Durch die UN-Sanktionen wird die Wirtschaft erheblich geschwächt. Erst nach Auslieferung der Beschuldigten und dem Gerichtsurteil vor einem schottischen Gericht in den Niederlanden im Januar 2001 werden die UN-Sanktionen aufgehoben. Die USA hielten ihr Wirtschafts- und Waffenembargo bei. Die europäischen Staaten wiederum führen nur noch ein Waffenembargo (einschl. sensibler Industriegüter)  gegen Libyen durch.

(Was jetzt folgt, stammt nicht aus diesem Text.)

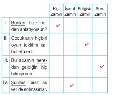 Bu tabloda numaralanmış cümlelerdeki altı çizili zamirlerden hangisinin türü yanlış işaretlenmiştir?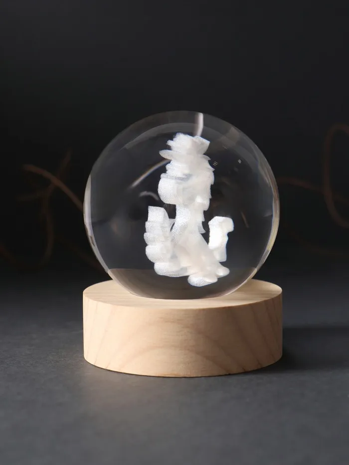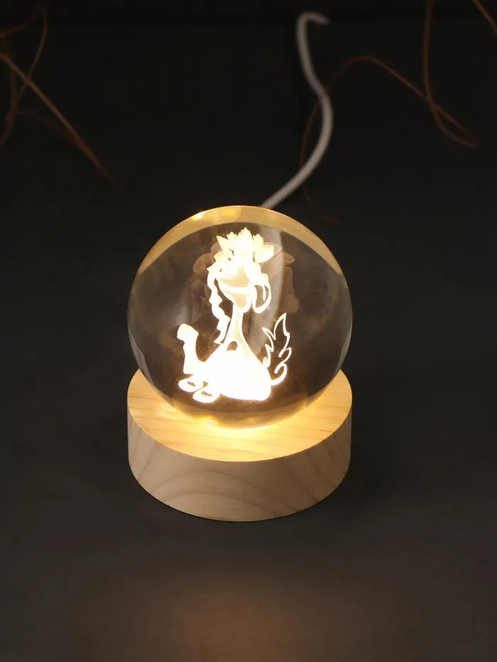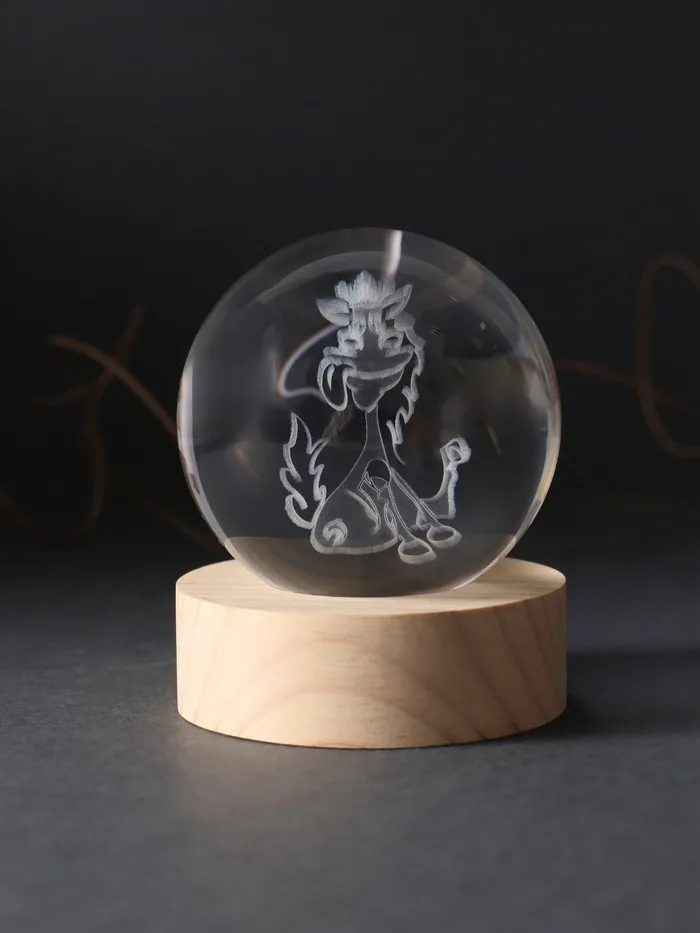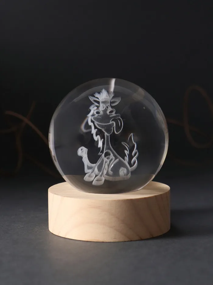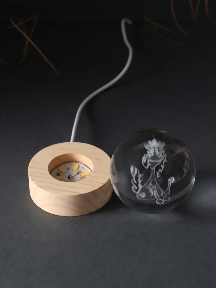 Представляем очаровательный световой шар, который словно оживает в темноте, наполняя пространство тёплым сиянием и атмосферой волшебства. Внутри прозрачного стеклянного шара диаметром 6 см заключена изящная голограмма — лошадка в короне, которая будто переносит нас в мир детских грез и фантазий. Высотой всего 8 см, включая деревянную подставку, этот светильник станет идеальным акцентом для вашего рабочего стола, полки или журнального столика.

Nachdem Gaddafi jahrelang als Mentor des religiös begründeten Terrorismus gegolten hat, grenzt sich Gaddafi seit Ende der 1990er Jahren aus innenpolitischen Gründen und aufgrund der Terroranschläge in den USA vom 1. September 2001 deutlich von militant islamistischen Bewegungen (u.a. El-Kaida, Libysche Kampfgruppe - Libyan Fighting Group) ab und versucht auf dem afrikanischen Kontinent an Einfluss zu gewinnen. So gilt er als Initiator der Sin Sad-Staaten (CEN-SAD) und ist entscheidend beteiligt an der Umorganisation der Organisation für afrikanische Einheit (OAU) zur Afrikanischen Union (AU), die sich im Sommer 2002 vollzog.

Die UMA Union de Arab Maghreb (die arabische Maghrebunion) spielt eine zunehmende Rolle bei der wirtschaftlichen Zusammenarbeit zwischen den Nachbarländern und mit Marokko und Mauretanien.

Libyen wird nach der Jahrtausendwende erneut von den USA als Förderer des Terrorismus und zur "Achse des Bösen" durch US-Präsident George W. Bush bezeichnet. Das Hauptaugenmerk der US-Außenpolitik liegt aber zunächst auf Afghanistan, Irak, Nordkorea und Syrien.

Die libysche Aussenpolitik setzt ihre Schwerpunkte auf die Zusammenarbeit mit den afrikanischen Staaten und hat wiederholt den Austritt aus der Arabischen Liga in Erwägung gezogen. Dies im Hinblick auf die pro-westliche Haltung der arabischen Bruderstaaten im Golfkrieg gegen den Irak 2003.

Niemals offiziell bestätigt, aber in einigen Medienberichten diskutiert wird, dass nach der Zeit von Muammar el Gaddafi dessen Sohn Saif al Islam Gaddafi die zukünftigen Geschicke des Landes bestimmen wird. Saif al Islam Gaddafi ist derzeit Vorsitzender der Gaddafi-Stiftung GIFCA (Gaddafi Foundation of Charitable Associations), die Hilfsprojekte im Ausland fördert und bei Krisen in anderen Staaten (u.a. auf den Philippinen) vermittelt.

Anmerkung:
Gaddafi ist offensichtlich einer der wenigen Politiker, die im Sinne der Lehren des Chinesen Mao-Tse-Tung handeln. Mao lehrte, dass jedes Volk eigene politische Kampftaktiken und einen Sozialismus entwickeln müsste, der der Kultur, dem Bewusstsein und den wirtschaftlichen Bedingungen der Menschen entspricht. (So ähnliche formulierte es auch der Russe 'Lenin'. Das sollten sich die deutschen (sogenannten) 'Linken' in ihr Stammbuch schreiben!)